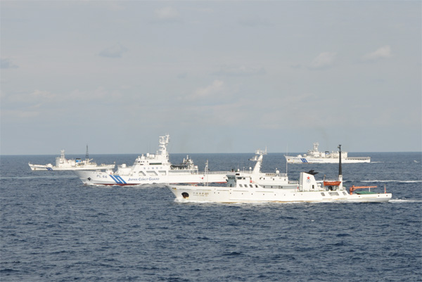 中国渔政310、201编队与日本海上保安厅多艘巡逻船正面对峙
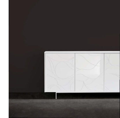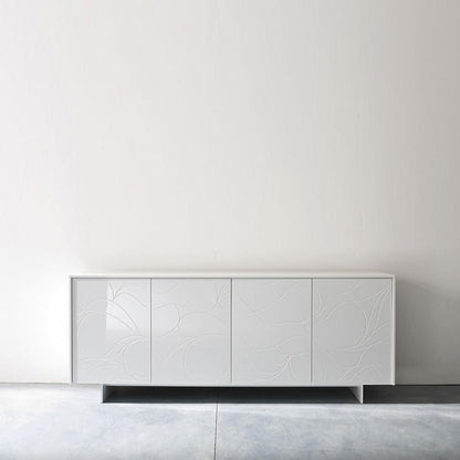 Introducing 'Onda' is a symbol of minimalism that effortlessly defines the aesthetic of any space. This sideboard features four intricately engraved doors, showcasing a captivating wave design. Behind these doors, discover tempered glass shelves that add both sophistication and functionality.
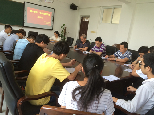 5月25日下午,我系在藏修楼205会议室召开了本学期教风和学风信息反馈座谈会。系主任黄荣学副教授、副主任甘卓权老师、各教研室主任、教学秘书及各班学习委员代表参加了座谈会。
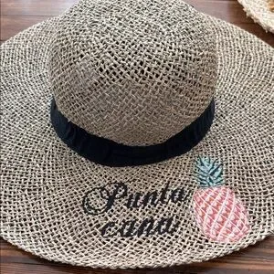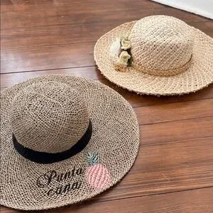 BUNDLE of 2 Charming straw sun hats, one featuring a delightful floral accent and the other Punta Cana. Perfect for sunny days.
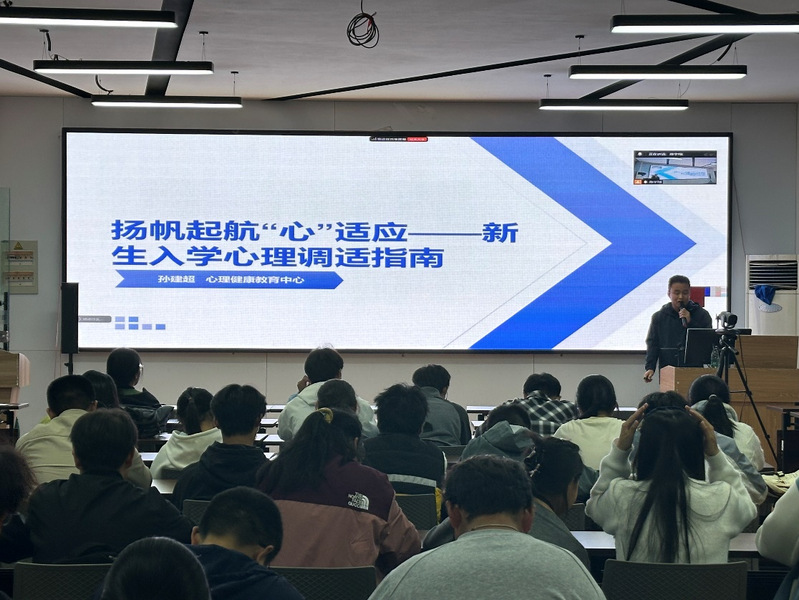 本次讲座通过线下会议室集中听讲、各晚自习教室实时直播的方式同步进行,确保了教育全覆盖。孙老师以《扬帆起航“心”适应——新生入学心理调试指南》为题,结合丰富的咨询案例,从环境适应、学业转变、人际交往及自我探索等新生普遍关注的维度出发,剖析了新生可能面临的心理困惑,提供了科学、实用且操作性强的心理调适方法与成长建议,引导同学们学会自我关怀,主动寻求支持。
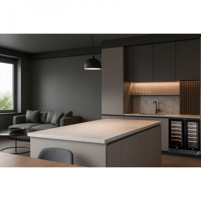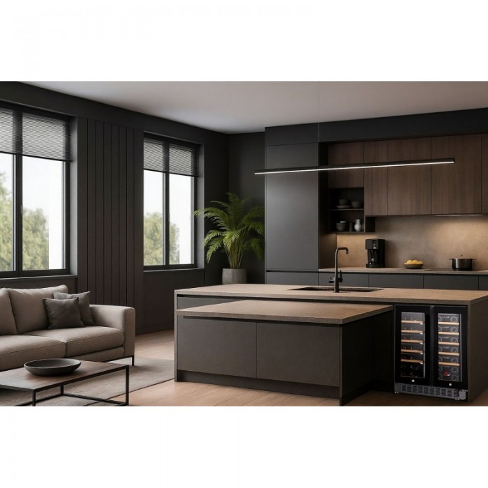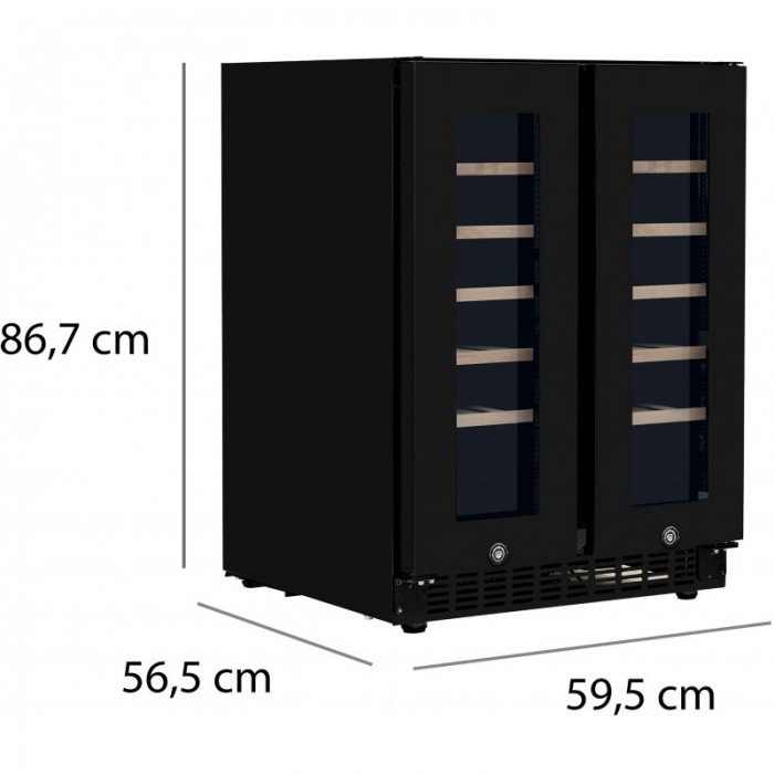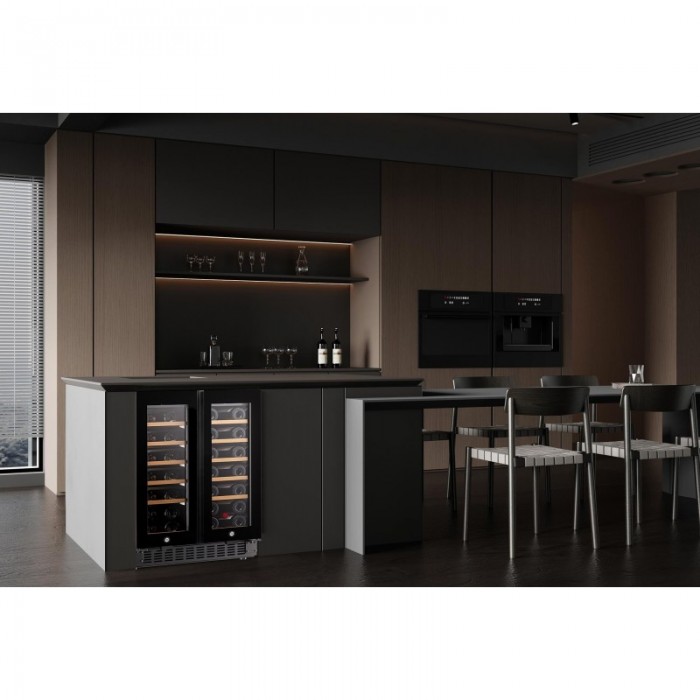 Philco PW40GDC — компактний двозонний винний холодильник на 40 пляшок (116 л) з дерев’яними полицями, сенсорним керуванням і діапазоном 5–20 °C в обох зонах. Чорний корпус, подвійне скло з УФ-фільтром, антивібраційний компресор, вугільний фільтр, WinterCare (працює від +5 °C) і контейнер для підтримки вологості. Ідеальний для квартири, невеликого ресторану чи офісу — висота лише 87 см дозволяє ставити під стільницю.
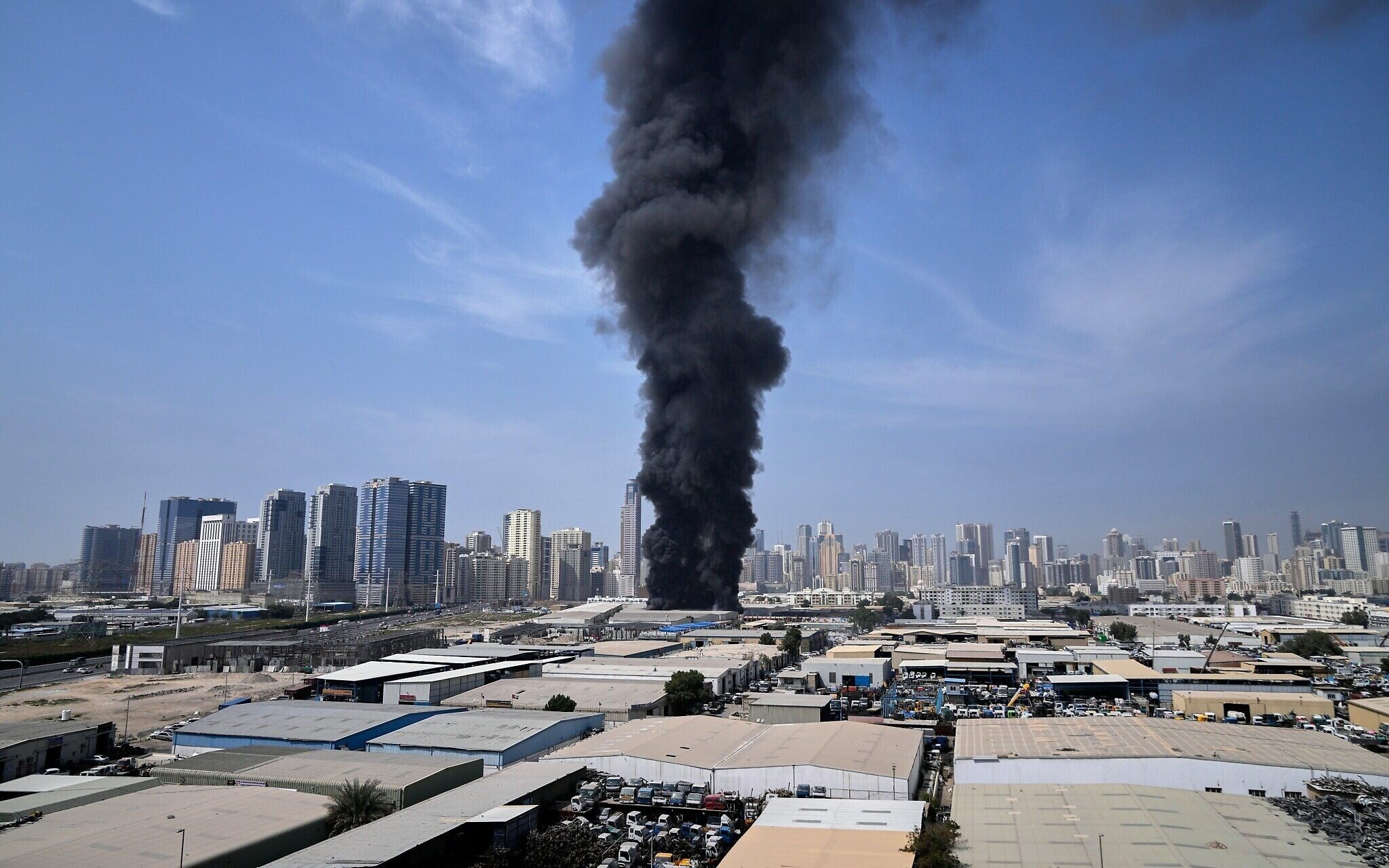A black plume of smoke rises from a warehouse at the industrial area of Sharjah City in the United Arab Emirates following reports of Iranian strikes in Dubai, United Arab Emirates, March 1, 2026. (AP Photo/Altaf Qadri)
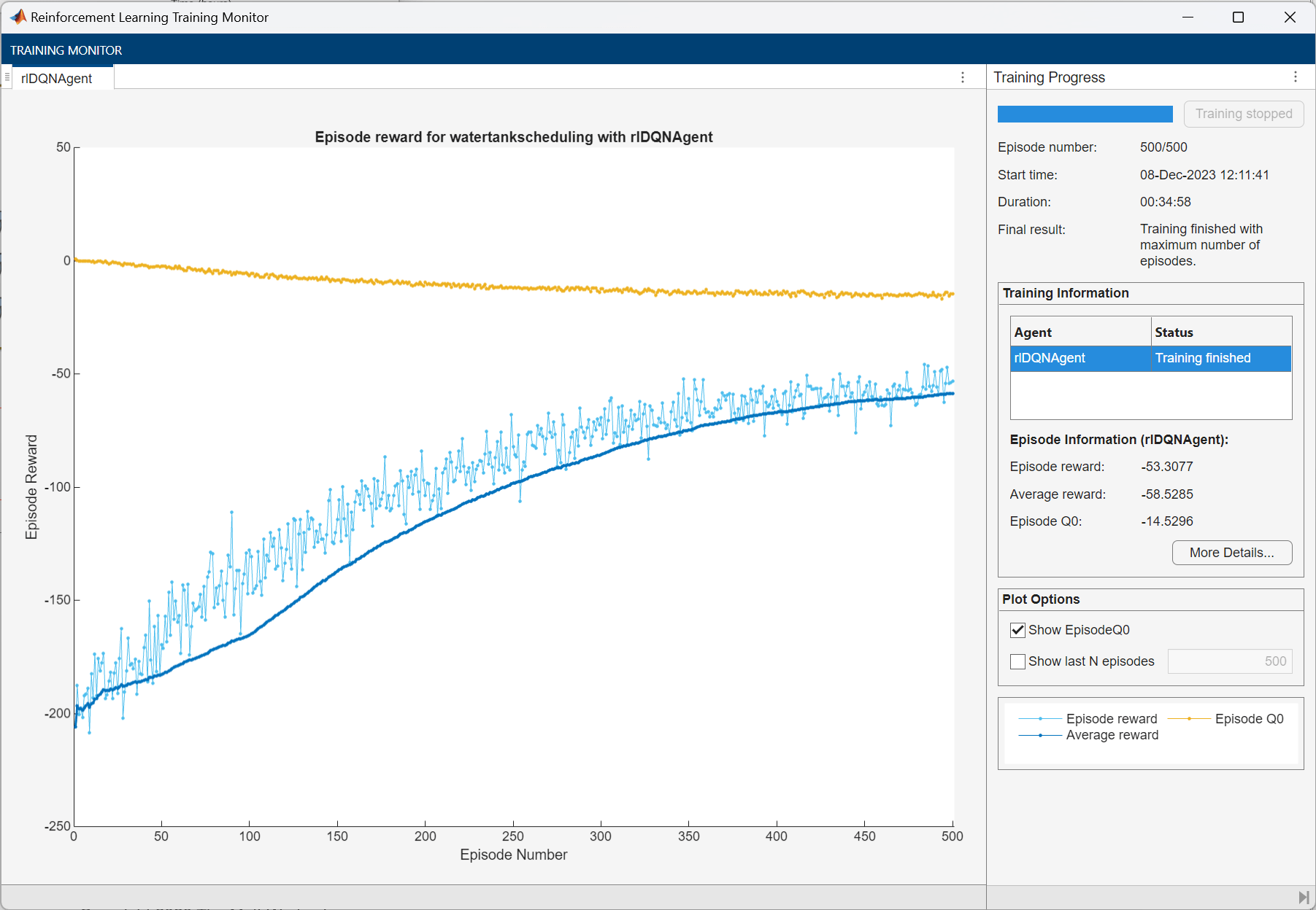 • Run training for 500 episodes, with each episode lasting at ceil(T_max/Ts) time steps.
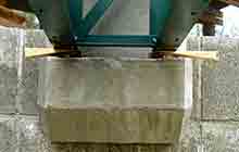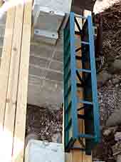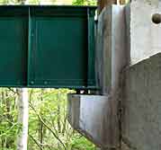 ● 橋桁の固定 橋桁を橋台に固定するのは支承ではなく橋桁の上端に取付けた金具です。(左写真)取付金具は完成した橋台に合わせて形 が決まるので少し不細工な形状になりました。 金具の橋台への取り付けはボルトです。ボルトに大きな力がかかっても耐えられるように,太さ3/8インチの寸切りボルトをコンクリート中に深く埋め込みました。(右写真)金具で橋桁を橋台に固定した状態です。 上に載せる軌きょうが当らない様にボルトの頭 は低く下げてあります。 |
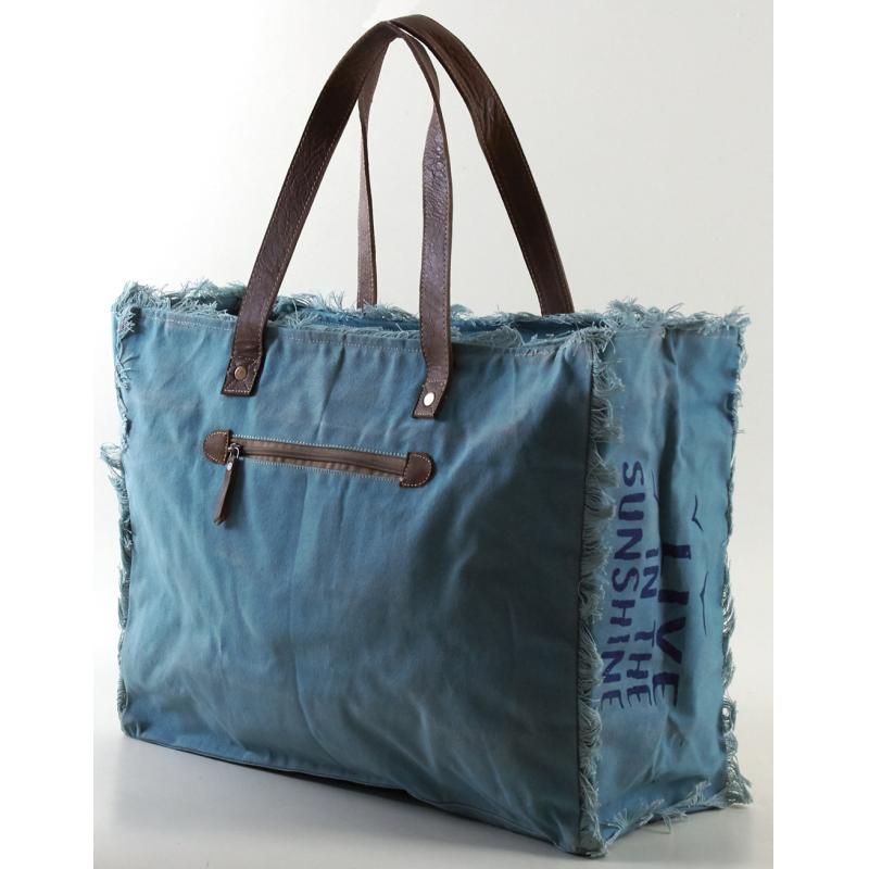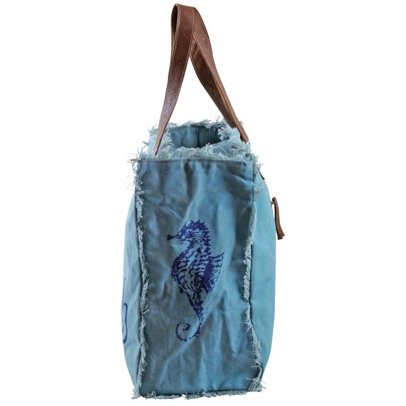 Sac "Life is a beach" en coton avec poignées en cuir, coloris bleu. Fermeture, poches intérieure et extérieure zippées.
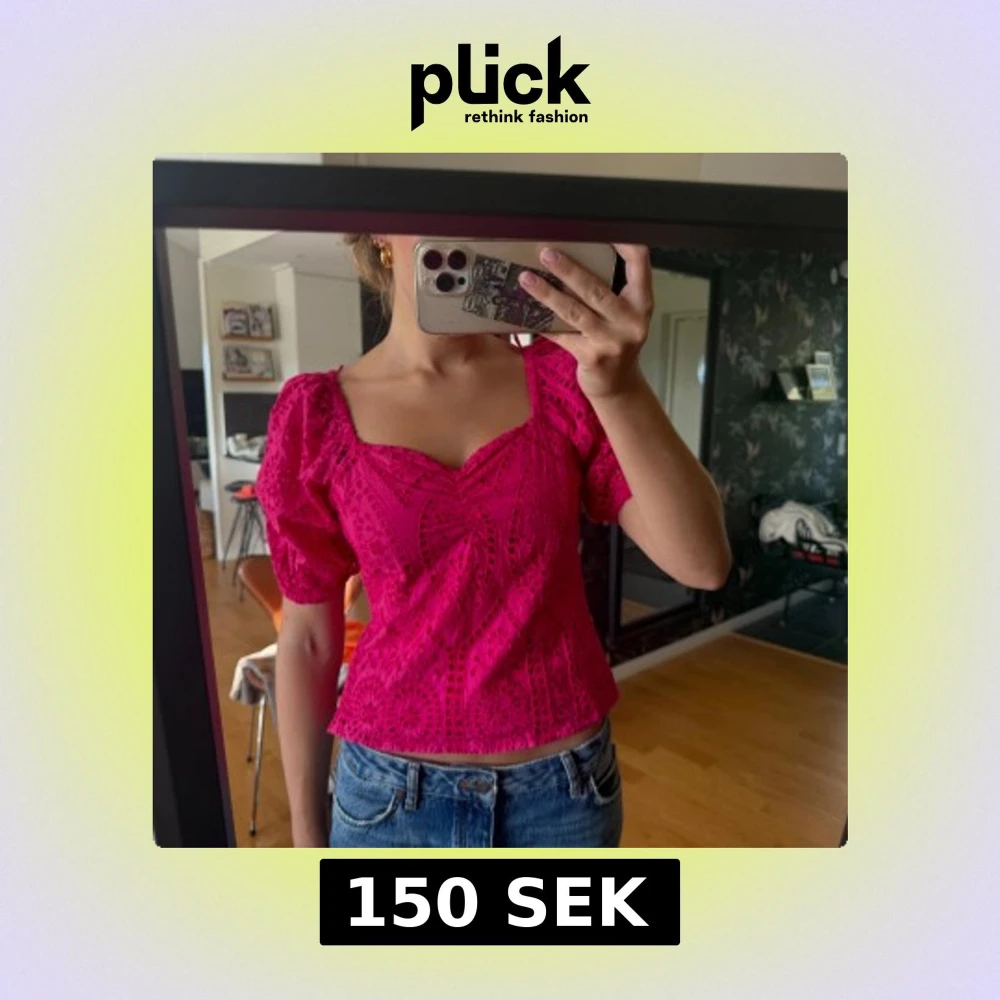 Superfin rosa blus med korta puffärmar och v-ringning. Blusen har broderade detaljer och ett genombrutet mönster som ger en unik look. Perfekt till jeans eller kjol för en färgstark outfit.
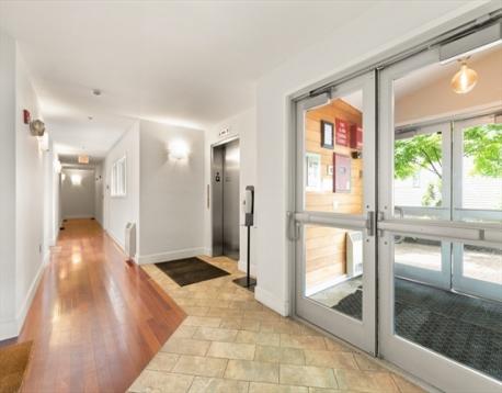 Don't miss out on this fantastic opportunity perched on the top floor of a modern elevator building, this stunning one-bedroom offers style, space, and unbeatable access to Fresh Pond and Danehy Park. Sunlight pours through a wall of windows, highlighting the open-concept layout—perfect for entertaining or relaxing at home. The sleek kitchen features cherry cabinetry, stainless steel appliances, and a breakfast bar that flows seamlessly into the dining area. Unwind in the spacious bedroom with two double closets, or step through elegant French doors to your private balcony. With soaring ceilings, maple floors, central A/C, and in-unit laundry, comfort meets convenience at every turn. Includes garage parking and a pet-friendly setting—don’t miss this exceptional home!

### Action item
Repeat every record above exactly, but leave out any pictures.

### Exercise answer
 中国渔政310、201编队与日本海上保安厅多艘巡逻船正面对峙
 Introducing 'Onda' is a symbol of minimalism that effortlessly defines the aesthetic of any space. This sideboard features four intricately engraved doors, showcasing a captivating wave design. Behind these doors, discover tempered glass shelves that add both sophistication and functionality.
 5月25日下午,我系在藏修楼205会议室召开了本学期教风和学风信息反馈座谈会。系主任黄荣学副教授、副主任甘卓权老师、各教研室主任、教学秘书及各班学习委员代表参加了座谈会。
 BUNDLE of 2 Charming straw sun hats, one featuring a delightful floral accent and the other Punta Cana. Perfect for sunny days.
 本次讲座通过线下会议室集中听讲、各晚自习教室实时直播的方式同步进行,确保了教育全覆盖。孙老师以《扬帆起航“心”适应——新生入学心理调试指南》为题,结合丰富的咨询案例,从环境适应、学业转变、人际交往及自我探索等新生普遍关注的维度出发,剖析了新生可能面临的心理困惑,提供了科学、实用且操作性强的心理调适方法与成长建议,引导同学们学会自我关怀,主动寻求支持。
 Philco PW40GDC — компактний двозонний винний холодильник на 40 пляшок (116 л) з дерев’яними полицями, сенсорним керуванням і діапазоном 5–20 °C в обох зонах. Чорний корпус, подвійне скло з УФ-фільтром, антивібраційний компресор, вугільний фільтр, WinterCare (працює від +5 °C) і контейнер для підтримки вологості. Ідеальний для квартири, невеликого ресторану чи офісу — висота лише 87 см дозволяє ставити під стільницю.
A black plume of smoke rises from a warehouse at the industrial area of Sharjah City in the United Arab Emirates following reports of Iranian strikes in Dubai, United Arab Emirates, March 1, 2026. (AP Photo/Altaf Qadri)
 • Run training for 500 episodes, with each episode lasting at ceil(T_max/Ts) time steps.
 ● 橋桁の固定 橋桁を橋台に固定するのは支承ではなく橋桁の上端に取付けた金具です。(左写真)取付金具は完成した橋台に合わせて形 が決まるので少し不細工な形状になりました。 金具の橋台への取り付けはボルトです。ボルトに大きな力がかかっても耐えられるように,太さ3/8インチの寸切りボルトをコンクリート中に深く埋め込みました。(右写真)金具で橋桁を橋台に固定した状態です。 上に載せる軌きょうが当らない様にボルトの頭 は低く下げてあります。 |
 Sac "Life is a beach" en coton avec poignées en cuir, coloris bleu. Fermeture, poches intérieure et extérieure zippées.
 Superfin rosa blus med korta puffärmar och v-ringning. Blusen har broderade detaljer och ett genombrutet mönster som ger en unik look. Perfekt till jeans eller kjol för en färgstark outfit.
 Don't miss out on this fantastic opportunity perched on the top floor of a modern elevator building, this stunning one-bedroom offers style, space, and unbeatable access to Fresh Pond and Danehy Park. Sunlight pours through a wall of windows, highlighting the open-concept layout—perfect for entertaining or relaxing at home. The sleek kitchen features cherry cabinetry, stainless steel appliances, and a breakfast bar that flows seamlessly into the dining area. Unwind in the spacious bedroom with two double closets, or step through elegant French doors to your private balcony. With soaring ceilings, maple floors, central A/C, and in-unit laundry, comfort meets convenience at every turn. Includes garage parking and a pet-friendly setting—don’t miss this exceptional home!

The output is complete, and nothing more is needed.